No parole for defiant Downs: 'I will never say that I shot my children'

No parole for defiant Downs: 'I will never say that I shot my children' »Play Video
Diane Downs referred often to the photographs in a book she claims another inmate gave her four days ago.

SALEM, Ore. (AP) — The Oregon parole board has ruled that Diane Downs must remain in prison for killing one of her daughters a quarter-century ago and seriously wounding her two other children.

Maintaining that she is innocent, Downs answered questions via a video link from a California prison for more than two hours Tuesday in her first chance at parole.

Over the years, she has spun new versions of the shooting, stories that began with a bushy-haired stranger as the culprit. At the hearing, she produced a book that she claimed points to a conspiracy against her and her family.

RAW VIDEO: Hear and see Downs testify

'I will never say that I shot my children'

Board members said it would be difficult to find that Downs is no longer dangerous (the standard needed to release her) if she refused to acknowledge "the underlying criminal acts."

Steven Powers, board member: "At its essence, it sounds like you're not taking responsibility for the crimes which brought you to prison. So where does that leave the board in your mind?"

Diane Downs: "I did not shoot my children. I will never say that I shot my children."


The three board members deliberated less than half an hour and then said no. Downs sat expressionless, her hands folded on the table in front of her.

One of the investigators of the 1983 shootings described her answers as "a lot of the old Diane, except more so."

"I don't think Diane will ever give it up, ever," said retired detective Doug Welch. "She'll go to her grave denying that she ever shot her kids."

Dave Brewer, who sat on the jury that convicted Downs in 1984, attended the hearing.

"It provided some closure," he said. "It's nice when you convict someone of a crime like this that they stay convicted."

Why Downs thought she deserved parole

Darcy Baker, board member:
"Why do you believe the board should parole you?"
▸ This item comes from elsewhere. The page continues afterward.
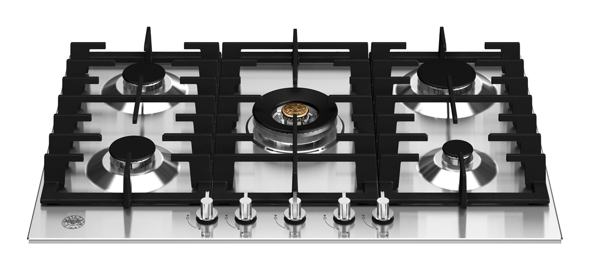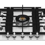 Questo piano cottura a gas da 75 cm della Serie Modern è dotato di cinque fuochi in alluminio e di precise manopole in metallo, allo scopo di rendere la cottura semplice e impeccabile. Il bruciatore wok centrale da 4 kW garantisce ulteriore versatilità. Le griglie di appoggio in ghisa sono robuste e sicure. Disponibile in acciaio inossidabile e in smalto nero.

Diane Downs: "I believe the board would make the right choice to parole me because I am not a threat to society. I have spent 25 years not being a threat to inmates or staff. Even my escape, which was a felony, was done without a threat to staff or inmates. I have neither done nor said anything that in any way shape or form constitute a threat to human life for 25 years.
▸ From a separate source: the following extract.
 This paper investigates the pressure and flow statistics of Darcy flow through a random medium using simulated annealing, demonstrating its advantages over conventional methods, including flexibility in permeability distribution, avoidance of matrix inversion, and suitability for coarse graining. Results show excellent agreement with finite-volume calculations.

"I think that everything I have learned in here in terms of dealing with humans, I think I actually would contribute something. Whether or not society would let me contribute remains to be seen. But by leaving me in here, I would not be able to contribute at all."


Downs' daughter, 7-year-old Cheryl Lynn, was fatally shot on a rural road near Springfield in 1983. Two other children, 3-year-old Danny and 8-year Christie Ann, were seriously wounded.

After she was sentenced to life in prison, plus 55 years, Downs was the subject of a best-selling book by Ann Rule and a made-for-television movie starring Farrah Fawcett.

The prosecution alleged Downs shot her children because she believed they were in the way of her relationship with a married man. At the time, Downs was a 27-year-old postal worker who had recently relocated to Oregon from Arizona after a divorce. She is now 53.

After shooting the children, Downs shot herself in the arm before driving to a hospital, prosecutors said. Those who treated Downs at the hospital noted her calm behavior. Later, as a video documented, she giggled at times as she re-enacted the attack for police.

She made headlines in 1987 when she escaped from the Oregon Women's Correctional Center. She was captured 10 days later at a home less than a mile from the prison.

 

Since then, she has been housed at facilities in New Jersey, Washington state and Chowchilla, Calif.

Christie, who testified against her mother in 1984, and Danny were later adopted by a prosecutor in the case, Fred Hugi.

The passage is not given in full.